Illinois: What we know, what we need

Profiling a "typical" meth user is not yet possible, though examining who's receiving treatment suggests they are white 20- and 30-somethings who are blue collar or unemployed, researcher Jeffrey Greene, Ph.D., of Augusta, reported to the Cass County Methamphetamine Task Force's second meeting Wednesday morning at Southwestern Michigan College.

" Support groups, such as Narcotics Anonymous, seem to be helpful as an adjunct, but they don't work as the sole source of treatment," Greene said. "Methamphetamine addiction is just too powerful. Another thing that's important is there is no pharmacological treatment at this point for meth addiction," such as methadone for heroin.

Greene has been researching the meth epidemic for two multi-county coordinating councils.

Cass County is part of the Lakeshore Coordinating Council along with Allegan County. St. Joseph, Van Buren, Barry, Branch and Kalamazoo counties constitute the Kalamazoo region.
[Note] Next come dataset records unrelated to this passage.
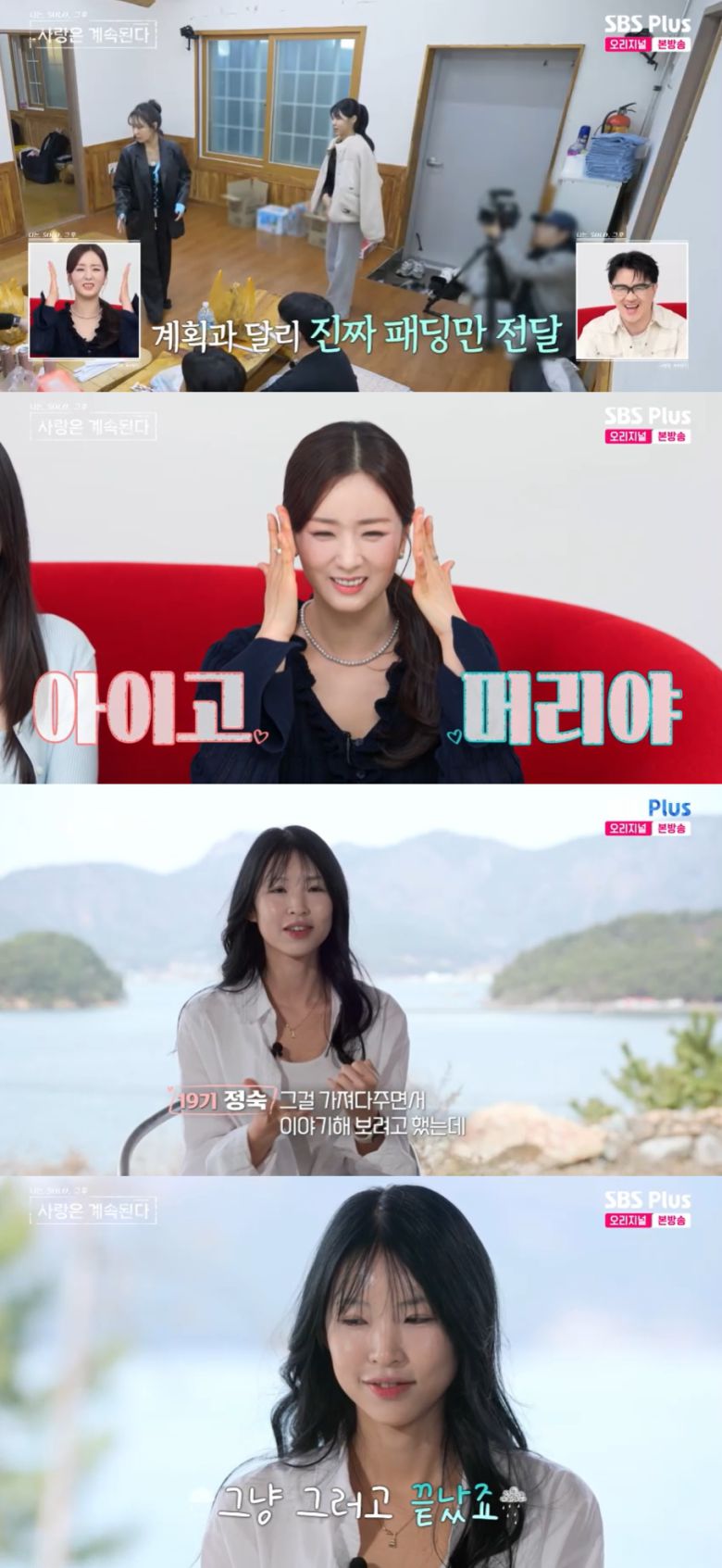 19기 정숙은 "패딩을 빌려주셔서 그걸 갖다주면서 얘기를 해보려고 했는데 실패했다. 플러팅 실패. 그냥 패딩만 줬어요. 그냥 받자마자 휭 돌아가셔서 그냥 그러고 끝났다"라며 아쉬움을 드러냈다.
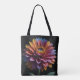 This stunning tote features a vibrant, multi-coloured single flower set against a sleek black background. Perfect for adding a pop of colour to your outfit, this tote is both stylish & functional, with plenty of room for all your essentials. Add a touch of artistry to your everyday look with this eye-catching accessory.
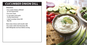 You’ll love the garden-fresh flavor of our Cucumber Onion Dill Dip mix. Just blend with sour cream and cream cheese (or real mayonnaise).
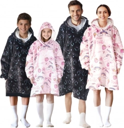 Praktični detalji poput velike kapuljače i prostranog klokan džepa drže glavu i ruke toplima. Dekica-dukserica ima univerzalnu dječju veličinu s duljinom do koljena te je prikladna za djecu od 7 do 12 godina. Jednostavno održavanje u perilici olakšava svakodnevnu upotrebu.
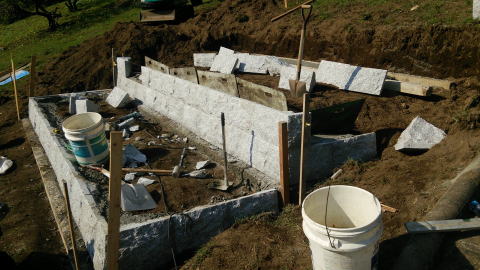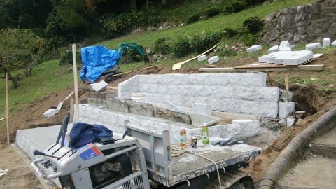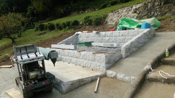 | 拝み場に モルタル 奥の3段目を積んでいます。 | |

Interacting with police officers convinced Greene that "people like us, regular citizens, underestimate how dangerous meth addicts are to the community. When you're whacked out on meth you're unpredictable, you do weird stuff. You're dangerous to yourself, you're dangerous to others, you don't take care of your kids. You do crimes. You break into places and steal things because you've got to get more money to get more meth. There's a lot of crime associated with meth other than cooking the substance.

"Our police officers also say they need help lobbying for resources for prevention and treatment. Dismantling labs leaves them with less time to chase bad guys," Greene said.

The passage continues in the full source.